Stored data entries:
··········
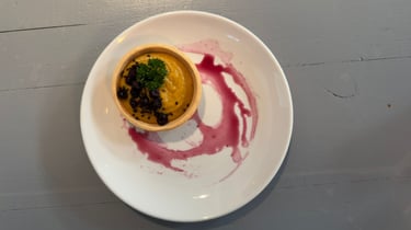The evening began with "I'm Not What You Think," a visually deceptive tart made of pumpkin and mushroom cream, garnished with blueberries and roasted sesame seeds. Its dessert-like appearance challenged first impressions, setting the tone for a night of surprises. This dish encouraged guests to approach life—and each other—with curiosity and an openness to discovery.
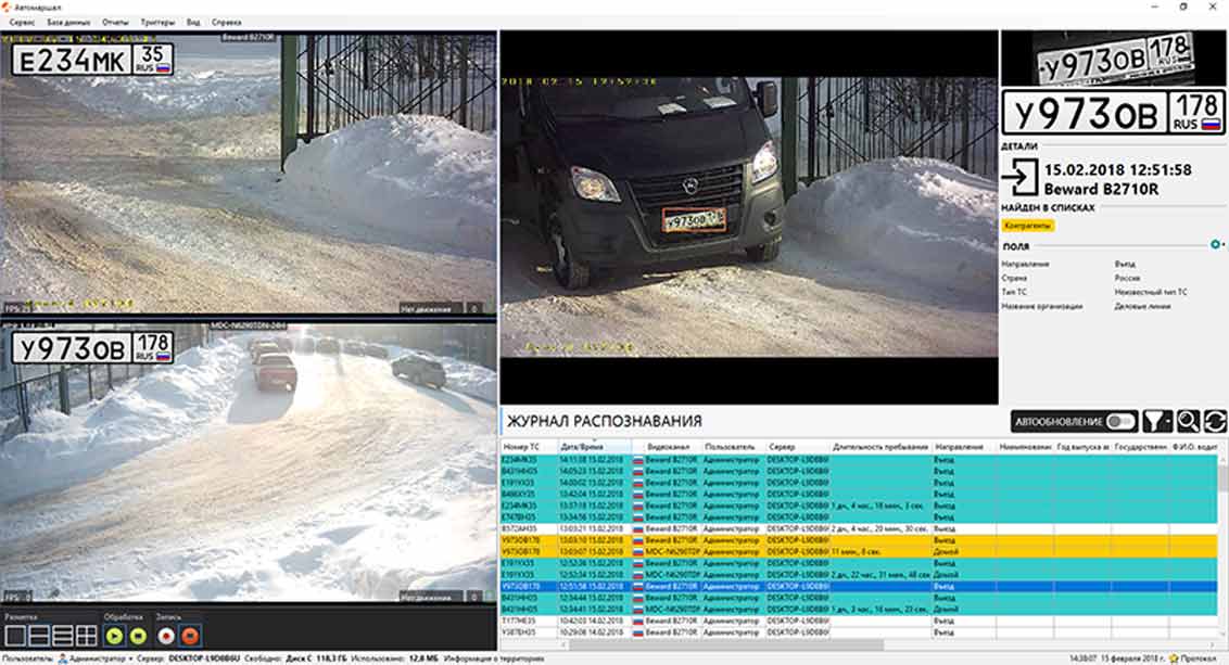 • Автоматический поиск распознанных номеров автомобилей в базах данных пользователя и при совпадении автоматическое реагирование по заданному пользователем сценарию.
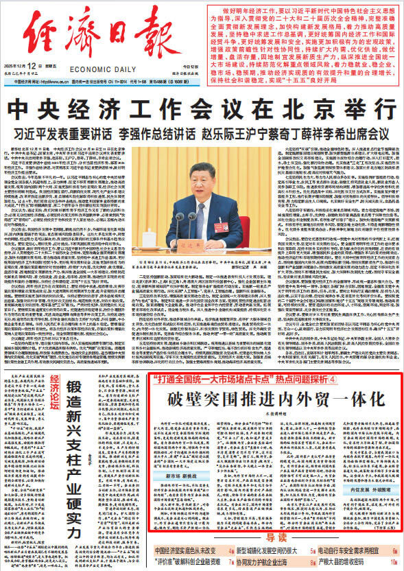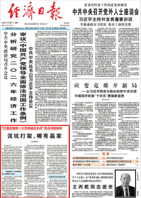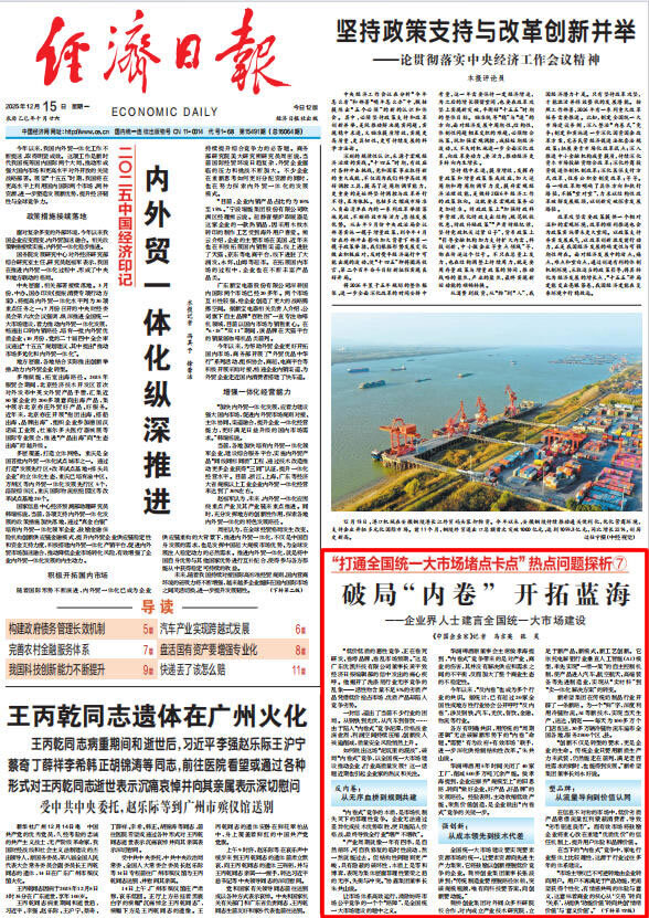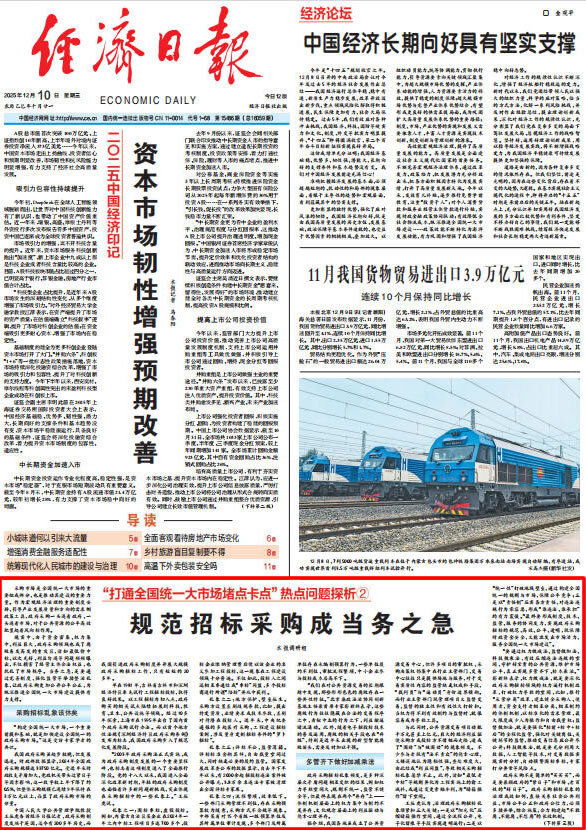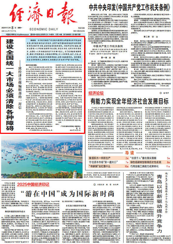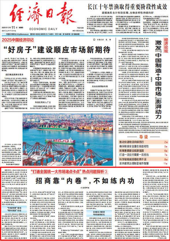 经济日报头版连发重磅文章 聚焦全国统一大市场堵点卡点
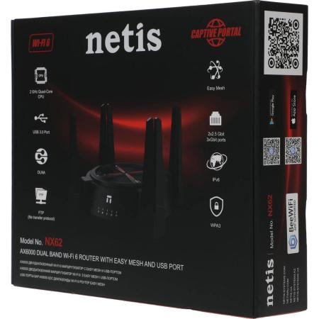 Wi-Fi роутер Netis NX62, Wi-Fi 6, AX6000, 2.4/5ГГц, 4 LAN, черный
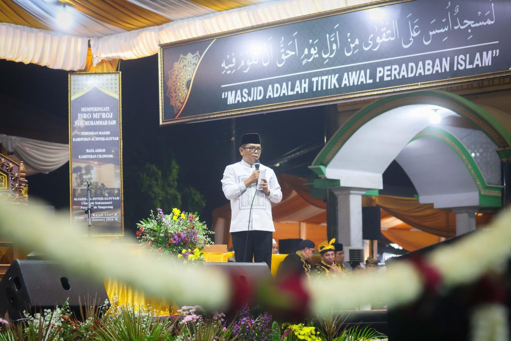 Dalam sambutannya, Andra Soni menegaskan masjid memiliki peran strategis sebagai pusat pembinaan keimanan dan persatuan umat, sekaligus pilar pembangunan peradaban Islam di Banten.
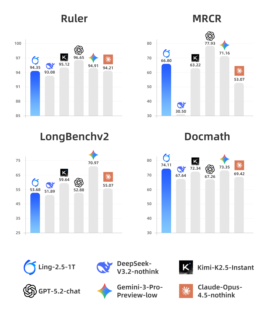 ▲ Ling-2.5-1T在4 项评测任务上的表现排名
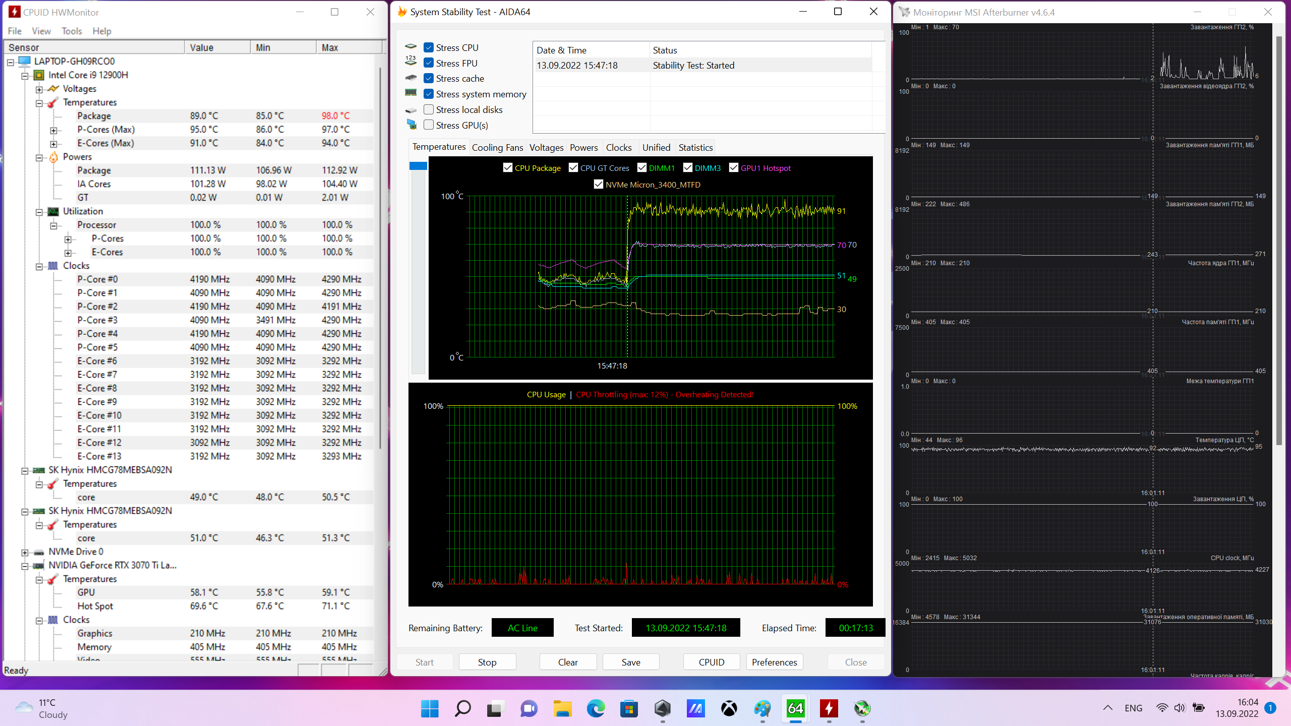 Благодаря этому частота CPU поддерживается на уровне 4100–4300 МГц, но средняя температура увеличивается до 95 градусов с пиком в 98 °C. Уровень шума тоже растет — до 48,5 дБА.
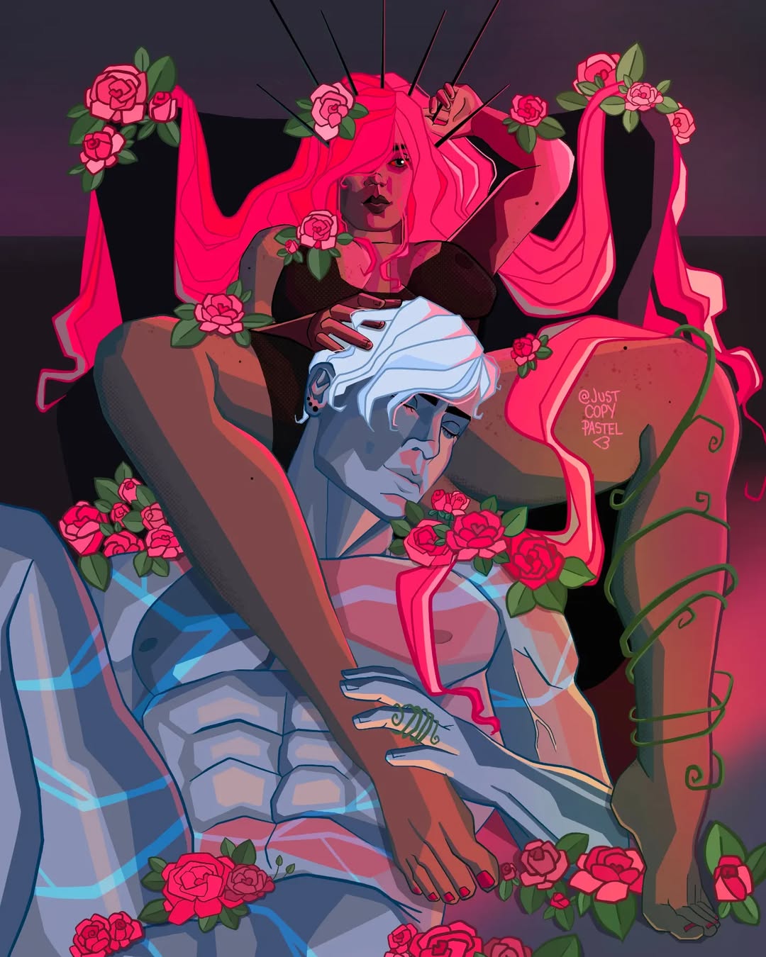 blue bodyblue skincrownFlag for Deletionhades (lore olympus)married couplemuscularpersephone (lore olympus)pink bodypink hairpink skinshirtless malesplayed legssports brawhite hair
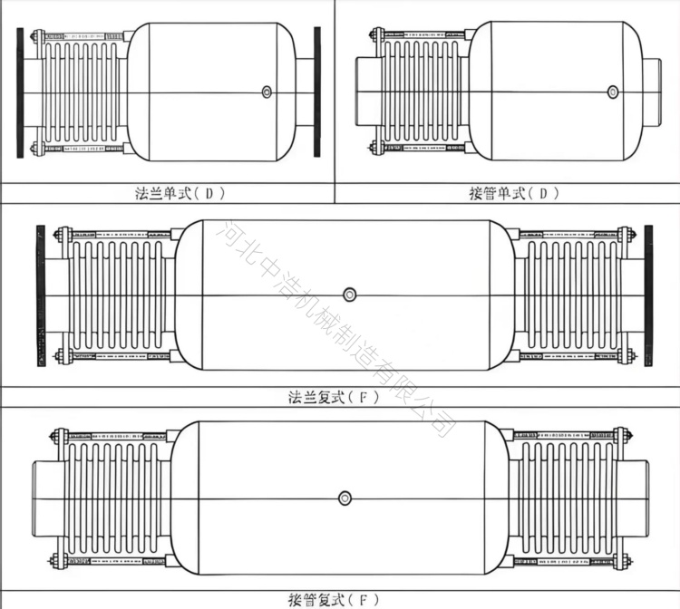 內(nèi)外壓波紋補(bǔ)償器也稱壓力平衡型波紋伸縮器,主要用管道道吸收熱脹冷縮引起位移的補(bǔ)償裝置。主要結(jié)構(gòu)由內(nèi)壓波紋管、外壓波紋管、接管、端板、平衡拉桿等組成,其中內(nèi)壓波紋管主要補(bǔ)償內(nèi)部位移,外壓波紋管補(bǔ)償外部位移,接管連接波紋管和管道,而端板對補(bǔ)償器起到額外固定和支撐作用,平衡拉桿起到平衡壓力和保護(hù)波紋的作用。
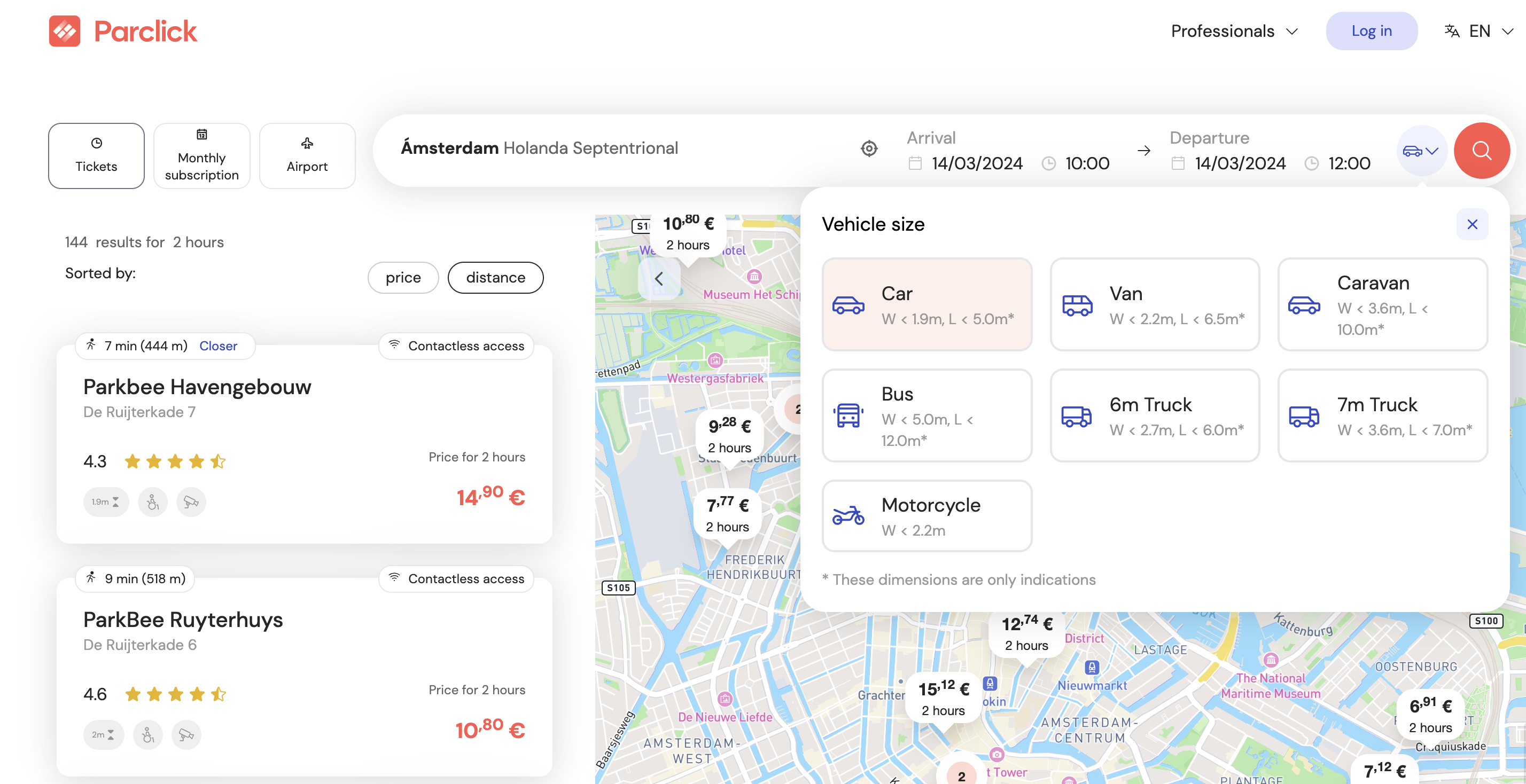 For greater guarantee, each car park is accompanied by the maximum height allowed in its facilities. You can find this information in the list of nearby car parks (on the left of the map) and in the information sheet.
··········
TASK DIRECTIONS
Return nothing except the lines from the line with "Dalam sambutannya, Andra" through the last line of the records above, copied exactly and without pictures.

RESPONSE BOX
 Dalam sambutannya, Andra Soni menegaskan masjid memiliki peran strategis sebagai pusat pembinaan keimanan dan persatuan umat, sekaligus pilar pembangunan peradaban Islam di Banten.
 ▲ Ling-2.5-1T在4 项评测任务上的表现排名
 Благодаря этому частота CPU поддерживается на уровне 4100–4300 МГц, но средняя температура увеличивается до 95 градусов с пиком в 98 °C. Уровень шума тоже растет — до 48,5 дБА.
 blue bodyblue skincrownFlag for Deletionhades (lore olympus)married couplemuscularpersephone (lore olympus)pink bodypink hairpink skinshirtless malesplayed legssports brawhite hair
 內(nèi)外壓波紋補(bǔ)償器也稱壓力平衡型波紋伸縮器,主要用管道道吸收熱脹冷縮引起位移的補(bǔ)償裝置。主要結(jié)構(gòu)由內(nèi)壓波紋管、外壓波紋管、接管、端板、平衡拉桿等組成,其中內(nèi)壓波紋管主要補(bǔ)償內(nèi)部位移,外壓波紋管補(bǔ)償外部位移,接管連接波紋管和管道,而端板對補(bǔ)償器起到額外固定和支撐作用,平衡拉桿起到平衡壓力和保護(hù)波紋的作用。
 For greater guarantee, each car park is accompanied by the maximum height allowed in its facilities. You can find this information in the list of nearby car parks (on the left of the map) and in the information sheet.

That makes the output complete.